* What is expected *
Please return the full listing word for word, leaving out any pictures.

* Data section *

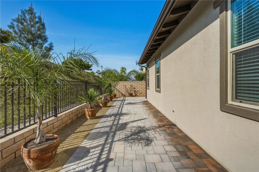 What truly sets this home apart is its rare lot placement. The side opens to a landscaped common area with guest parking, a feature not commonly found in the community. Additionally, the property offers a double-width entry patio and expanded rear walkway, providing more outdoor space and accessibility than most homes. The paver system, landscaping, and irrigation were custom-designed, creating a polished outdoor environment ideal for entertaining or quiet enjoyment.
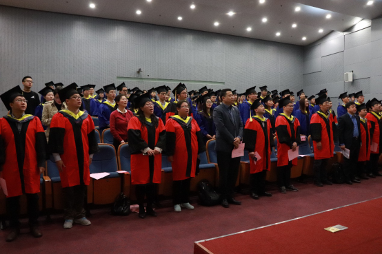 典礼在雄壮的国歌声中拉开序幕,典礼伊始,学院党委书记王中平致辞,他对全体毕业研究生致以热烈祝贺和美好祝福,欣慰于同学们寒窗十数载终有所得,欣喜于同学们成长为于国于家有望的人,王书记向提出了几点希冀,期待毕业生怀有坚韧不拔之志,对事有毅力,持之以恒,善假于物,以“德才馆”的名称诠释,告诫大家为人有信念,德才并举,厚积薄发,同时提醒同学们处群有态度,文墨诗书,饮流怀源,在未来平凡的生活中请不要忘记"诗与远方",不忘初心,砥砺前行。
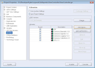 Vamos al proyecto ViewController darle doble clic y agregaremos las librerias,darle clic al boton add Jar/Directory

* Problem solution *
 What truly sets this home apart is its rare lot placement. The side opens to a landscaped common area with guest parking, a feature not commonly found in the community. Additionally, the property offers a double-width entry patio and expanded rear walkway, providing more outdoor space and accessibility than most homes. The paver system, landscaping, and irrigation were custom-designed, creating a polished outdoor environment ideal for entertaining or quiet enjoyment.
 典礼在雄壮的国歌声中拉开序幕,典礼伊始,学院党委书记王中平致辞,他对全体毕业研究生致以热烈祝贺和美好祝福,欣慰于同学们寒窗十数载终有所得,欣喜于同学们成长为于国于家有望的人,王书记向提出了几点希冀,期待毕业生怀有坚韧不拔之志,对事有毅力,持之以恒,善假于物,以“德才馆”的名称诠释,告诫大家为人有信念,德才并举,厚积薄发,同时提醒同学们处群有态度,文墨诗书,饮流怀源,在未来平凡的生活中请不要忘记"诗与远方",不忘初心,砥砺前行。
 Vamos al proyecto ViewController darle doble clic y agregaremos las librerias,darle clic al boton add Jar/Directory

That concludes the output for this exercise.